Assignment |
Transcribe, starting at the line with "前期推荐携带【快马加鞭】【巨力挥舞】或【先登破敌】这类功能型强的技能。" and ending at the line with "Petrol Blue 3", every line of the material below exactly, but leave out the pictures and anything outside that span.

Segment Start: Supplied records

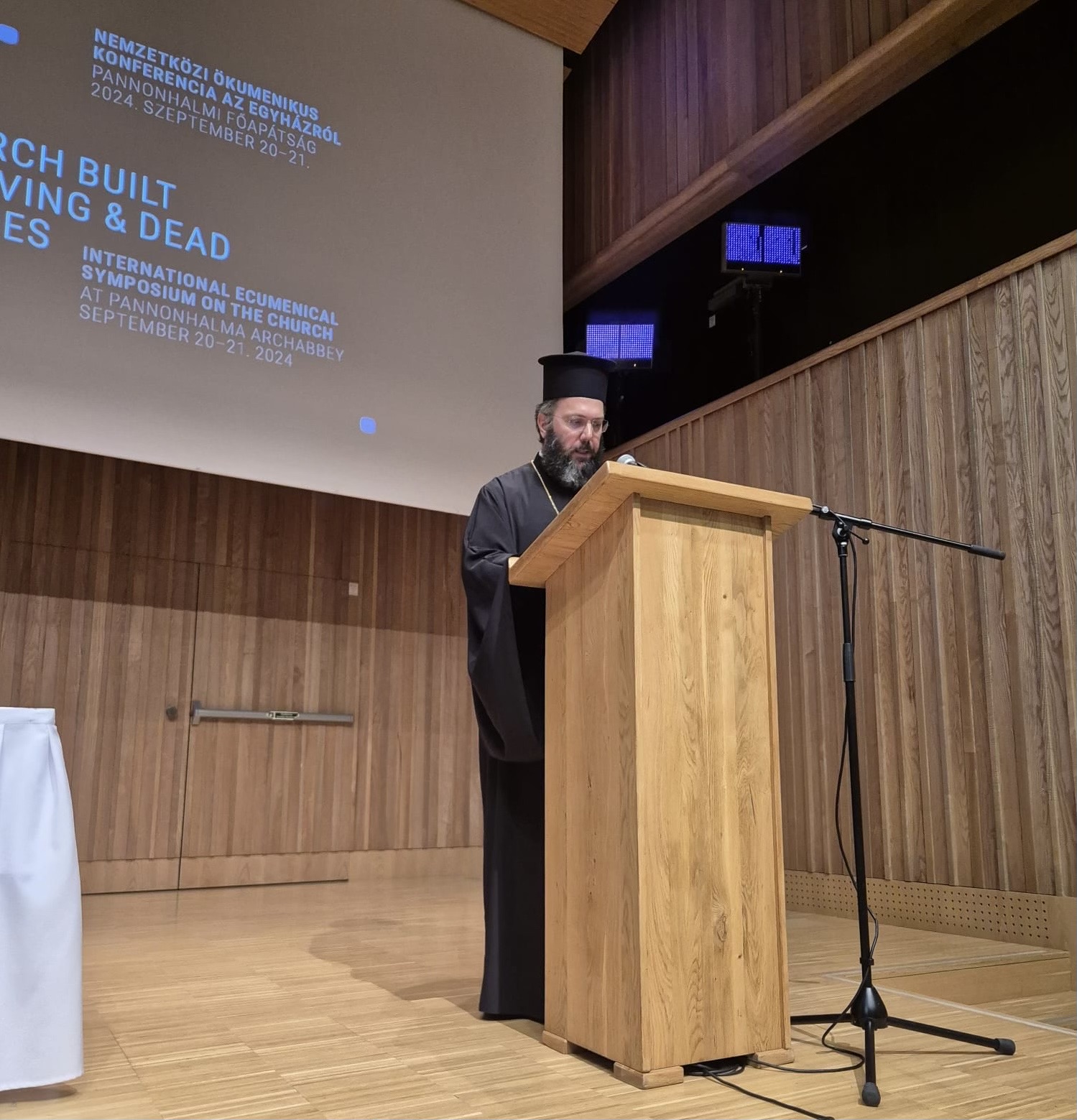 Am 20. und 21. September 2024 fand in der Abtei von Pannonhalma, Ungarn, das Vierte Internationale und Interchristliche Symposium zum Thema „Kirche aus lebendigen und toten Steinen“ statt. Die Atmosphäre war feierlich anlässlich des 800-jährigen Jubiläums der Weihe der Abteikirche. Unter den hochrangigen Gästen waren auch der Wiener Erzbischof Kardinal Christoph Schönborn und der emeritierte Erzbischof Rowan Williams von der Anglikanischen Kirche. Die Orthodoxe Kirche war durch Seine Eminenz Metropolit Arsenios von Austria, Exarch von Ungarn, vertreten. In ihrer Ansprache bei der Eröffnungssitzung am Freitagvormittag, 20. September verwies er auf die Teilnahme des Ökumenischen Patriarchen Bartholomaios an Friedenskonferenzen in Ungarn im vergangenen Jahr, die einen vielversprechenden Meilenstein für den interreligiösen und interchristlichen Dialog darstellten. Er fuhr fort, dass die Verpflichtung der Teilnehmer am Dialog darin besteht, sich von dem Bewusstsein des Irrtums und der Sündhaftigkeit und der vollständigen Kultivierung des geistlichen Lebens leiten zu lassen, wobei das Ziel des Kurses das Gebot ist, das der Herr selbst als Grundlage der Kirche festgelegt hat, „alle in einem zu sein“ (Joh 17,21). In seinen Überlegungen zu den Perspektiven des interchristlichen Dialogs stellte er fest, dass „wir uns nicht nur mit äußeren, rechtlichen oder administrativen Fragen befassen sollten, die die Einheit der Kirche sichtbar machen würden“, sondern eine Lösung für das innere Problem suchen sollten, nämlich dass wir gespalten sind, obwohl wir alle als Jünger Christi gelten“. Seine Eminenz bezog sich auch auf die Lehre der liturgischen Erfahrung, als er den Satz aussprach: „Christus in unserer Mitte! – Er ist und Er wird sein!“, und lud alle ein, an der Christus-zentrierten Begegnung teilzunehmen und optimistisch zu sein, dass Christus uns eint. Schließlich wies er darauf hin, dass die Kirchenväter unwiderlegbare Zeugen der Wahrheit und ein Kompass auf dem Lebensweg für jeden Christen sind.
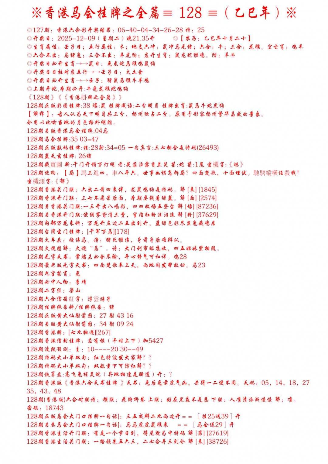 128期-手写马会挂牌
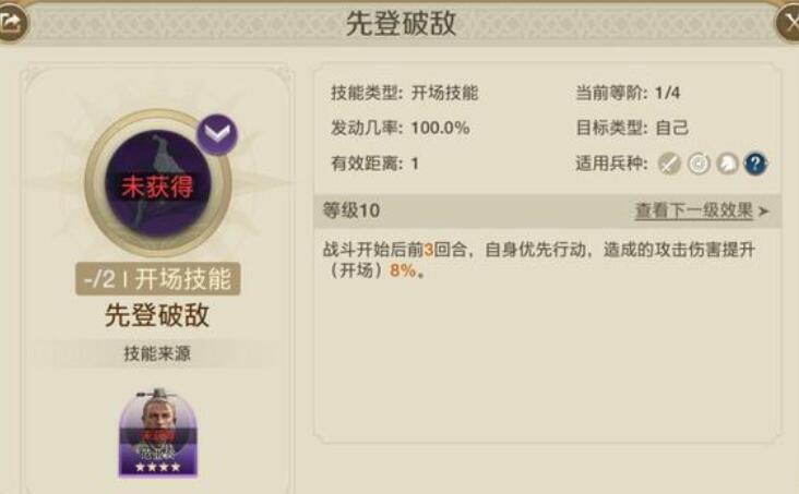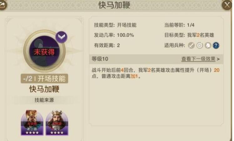 前期推荐携带【快马加鞭】【巨力挥舞】或【先登破敌】这类功能型强的技能。
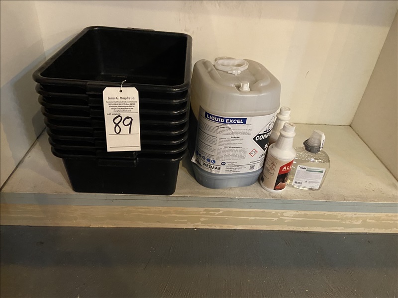 LOT, ASSORTED CLEANING SUPPLIES & DIRTY DISH TUBS
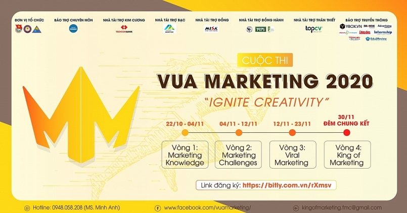 Cuộc thi "Vua Marketing 2020" hứa hẹn sẽ mang lại cho các bạn sinh viên cơ hội được thể hiện các ý tưởng sáng tạo, ứng dụng thực tế tại ngân hàng, doanh nghiệp lớn và uy tín.
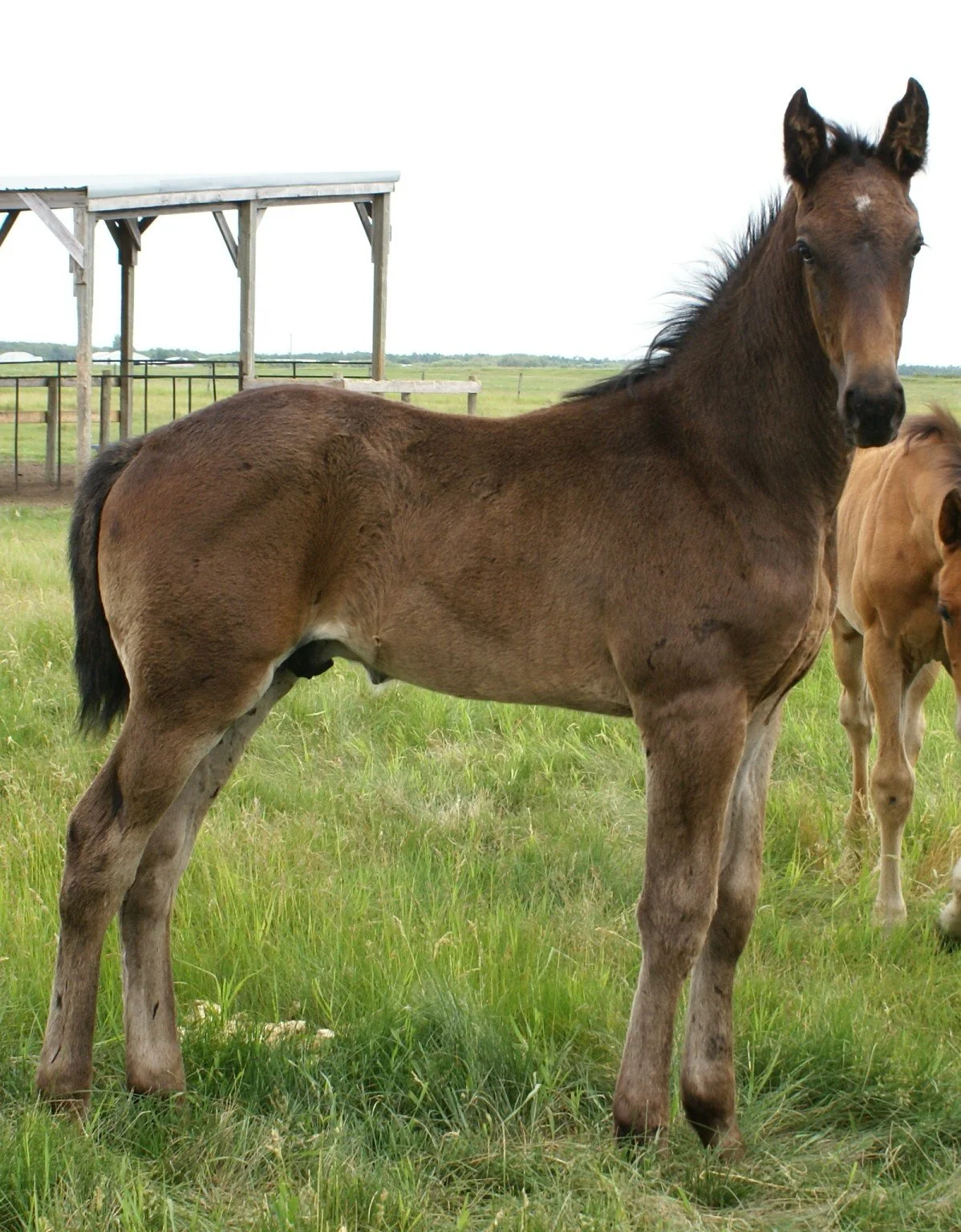 ORBIT AQHA Colt, born April 22, 2025. Solid dark bay. Long legged with a huge hip!
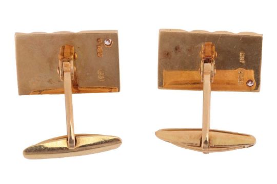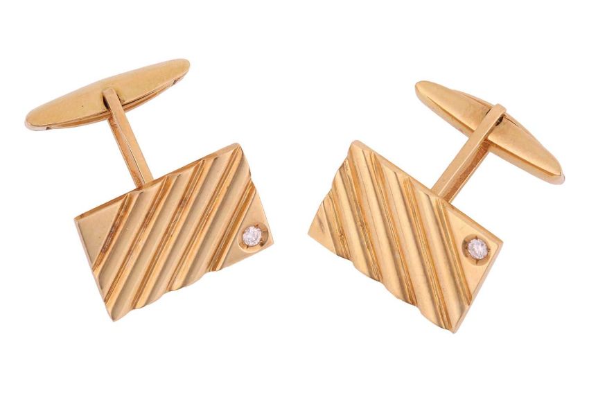 A pair of cufflinks with diamond accents, each comprising a diagonally striated rectangular panel, set with a round brilliant-cut diamond of 2.5 mm at the corner, fitted with cufflink swivels, yellow metal marked '18ct OBLO', panel measures 2.0 x 1.4 cm, total weight of items 15.3 grams.
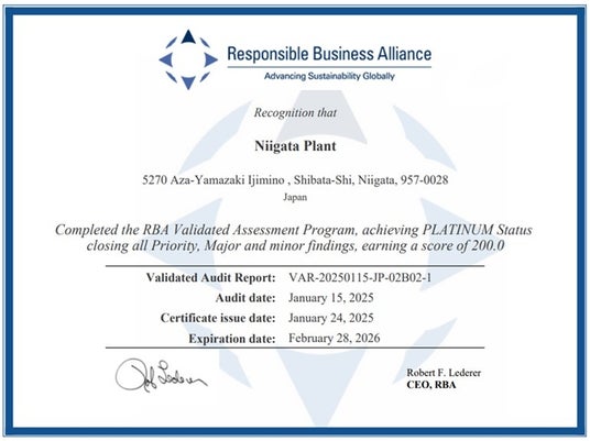 新潟工場では、グローバル市場に向けた先端エレクトロニクス製品の生産拠点として、サプライチェーンの持続的な改善に取り組んでいます。その結果、労働、安全衛生、環境、倫理、サプライチェーン管理の各監査項目において、最高得点の200点満点を獲得してプラチナ・ステータスを取得し、顧客からのRBA行動規範準拠の要望に対し高いコミットメントを示すことができました。
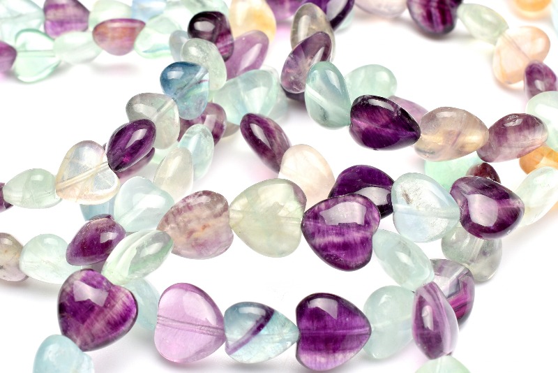 マルチカラー フローライト 9-10x10mm ハート ブレスレット 1個売り _BG5526-1
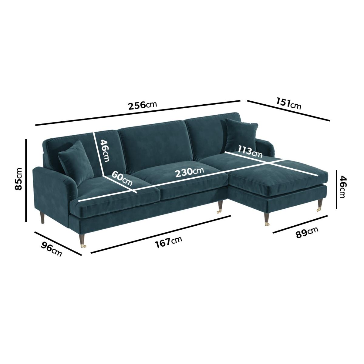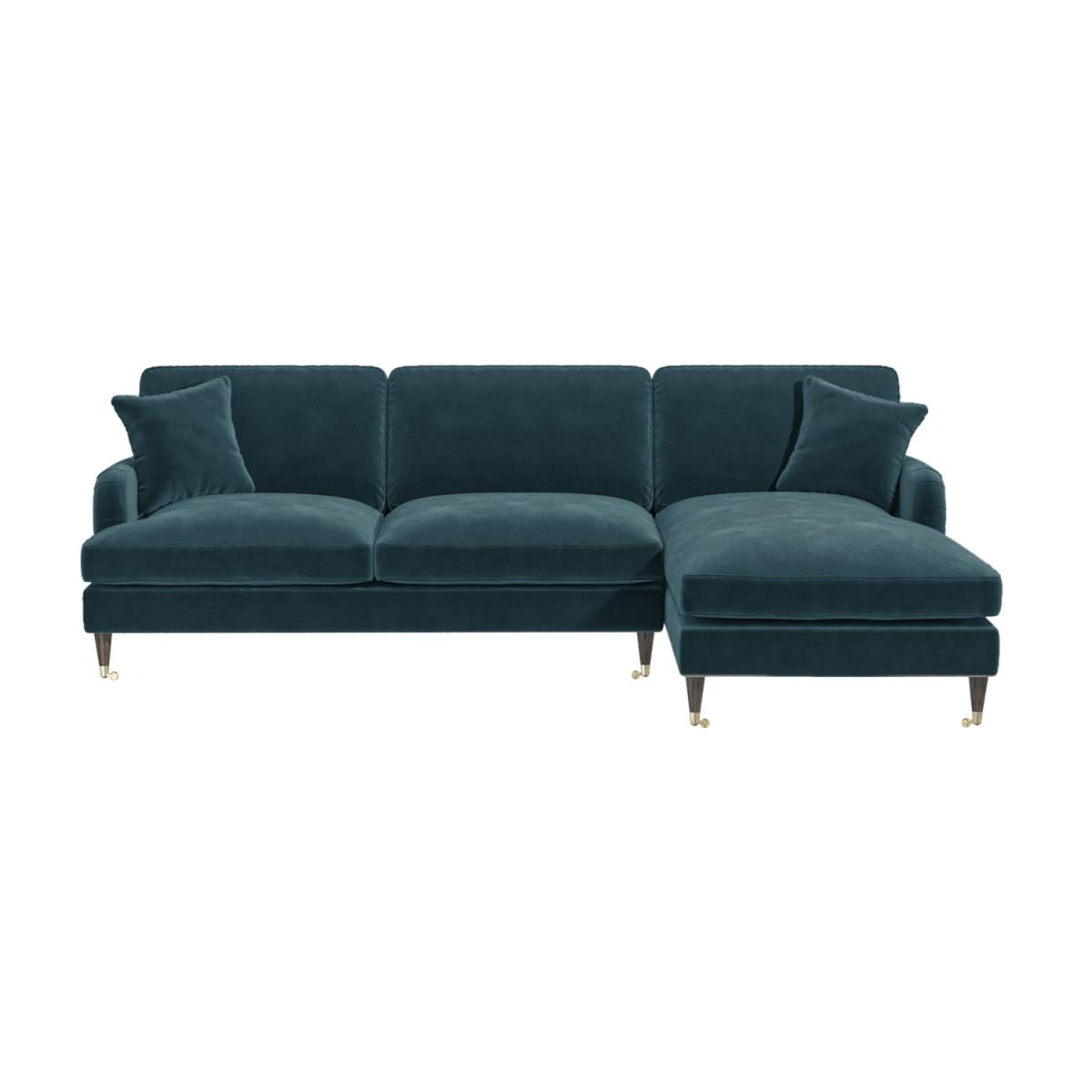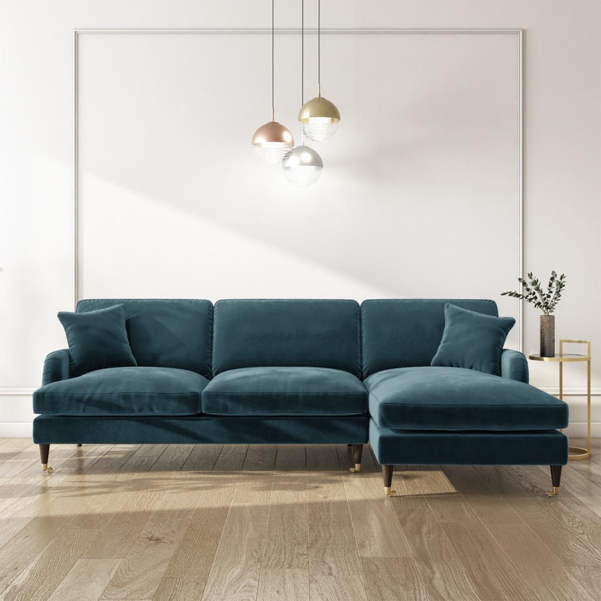 Petrol Blue 3 Seater L Shaped Sofa in Velvet - Right Hand Facing - Payton
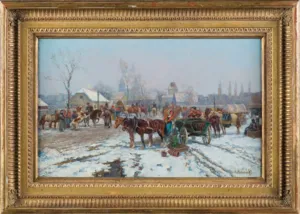 Antoni Piotrowski (Nieltulisko Duże koło Kunowa 1853 - Warszawa 1924) - malarz, rysownik, ilustrator - od roku 1869 uczył się w warszawskiej Klasie Rysunkowej u Rafała Hadziewicza, Aleksandra Kamińskiego i Wojciecha Gersona. W latach 1875-1877 studiował w Akademii Monachijskiej, m.in. u Wilhelma Lindenschmita Mł., a w latach 1877-1879 był uczniem Jana Matejki w krakowskiej Szkole Sztuk Pięknych. Po studiach wyjechał do Paryża, gdzie pozostał na dłużej. Brał udział w Salon Cimaise (1880) i w Salonach Paryskich (1880 i 1881). Od roku 1884 mieszkał w Krakowie, gdzie nauczał na Kursach im. A. Baranieckiego (jego uczennicą była, m.in. O. Boznańska). W latach 1885/1886 przebywał Bułgarii jako korespondent-ilustrator pism angielskich i francuskich, dokumentujący wojnę bułgarsko-serbską. Do Bułgarii jeździł jeszcze kilkakrotnie; namalował tam cykl obrazów dla Galerii Narodowej w Sofii i zrobił karierę jako portrecista arystokracji. W 1890 był na Krecie, w 1897 i 1903 wyjeżdżał na Bliski Wschód, skąd nadsyłał korespondencję i rysunki z wojny grecko-tureckiej. Od 1900 stale mieszkał w Warszawie, ale podróżował jeszcze do Monachium i Kijowa. Był przede wszystkim malarzem scen rodzajowych, często z życia mazowieckiej wsi. Malował także portrety, pejzaże, sceny historyczne i epizody z powstania styczniowego, w których nawiązywał do twórczości Maksymiliana Gierymskiego. W okresie około roku 1900 tworzył także obrazy fantastyczno-symboliczne (Nimfy i satyry, Idylla pasterska, Prawda i Obłuda). Brał udział w malowaniu panoramy Berezyna (z W. Kossakiem, J. Fałatem, K. Pułaskim, J. Stanisławskim i M. Wywiórskim) oraz panoramy Tatry (z S. Janowskim i innymi). W roku 1887 współpracował przy dekoracji malarskiej kościoła św. Katarzyny w Petersburgu, w 1888 malował plafony w pałacu Hertza w Łodzi. Ilustrował dzieła Henryka Sienkiewicza. Uczestniczył w wielu wystawach, tak w kraju, jak i za granicą. Był współzałożycielem Towarzystwa Artystów Polskich „Sztuka” i członkiem Towarzystwa Zachęty Sztuk Pięknych.

Segment End: Supplied records

Answer to the problem |
 前期推荐携带【快马加鞭】【巨力挥舞】或【先登破敌】这类功能型强的技能。
 LOT, ASSORTED CLEANING SUPPLIES & DIRTY DISH TUBS
 Cuộc thi "Vua Marketing 2020" hứa hẹn sẽ mang lại cho các bạn sinh viên cơ hội được thể hiện các ý tưởng sáng tạo, ứng dụng thực tế tại ngân hàng, doanh nghiệp lớn và uy tín.
 ORBIT AQHA Colt, born April 22, 2025. Solid dark bay. Long legged with a huge hip!
 A pair of cufflinks with diamond accents, each comprising a diagonally striated rectangular panel, set with a round brilliant-cut diamond of 2.5 mm at the corner, fitted with cufflink swivels, yellow metal marked '18ct OBLO', panel measures 2.0 x 1.4 cm, total weight of items 15.3 grams.
 新潟工場では、グローバル市場に向けた先端エレクトロニクス製品の生産拠点として、サプライチェーンの持続的な改善に取り組んでいます。その結果、労働、安全衛生、環境、倫理、サプライチェーン管理の各監査項目において、最高得点の200点満点を獲得してプラチナ・ステータスを取得し、顧客からのRBA行動規範準拠の要望に対し高いコミットメントを示すことができました。
 マルチカラー フローライト 9-10x10mm ハート ブレスレット 1個売り _BG5526-1
 Petrol Blue 3 Seater L Shaped Sofa in Velvet - Right Hand Facing - Payton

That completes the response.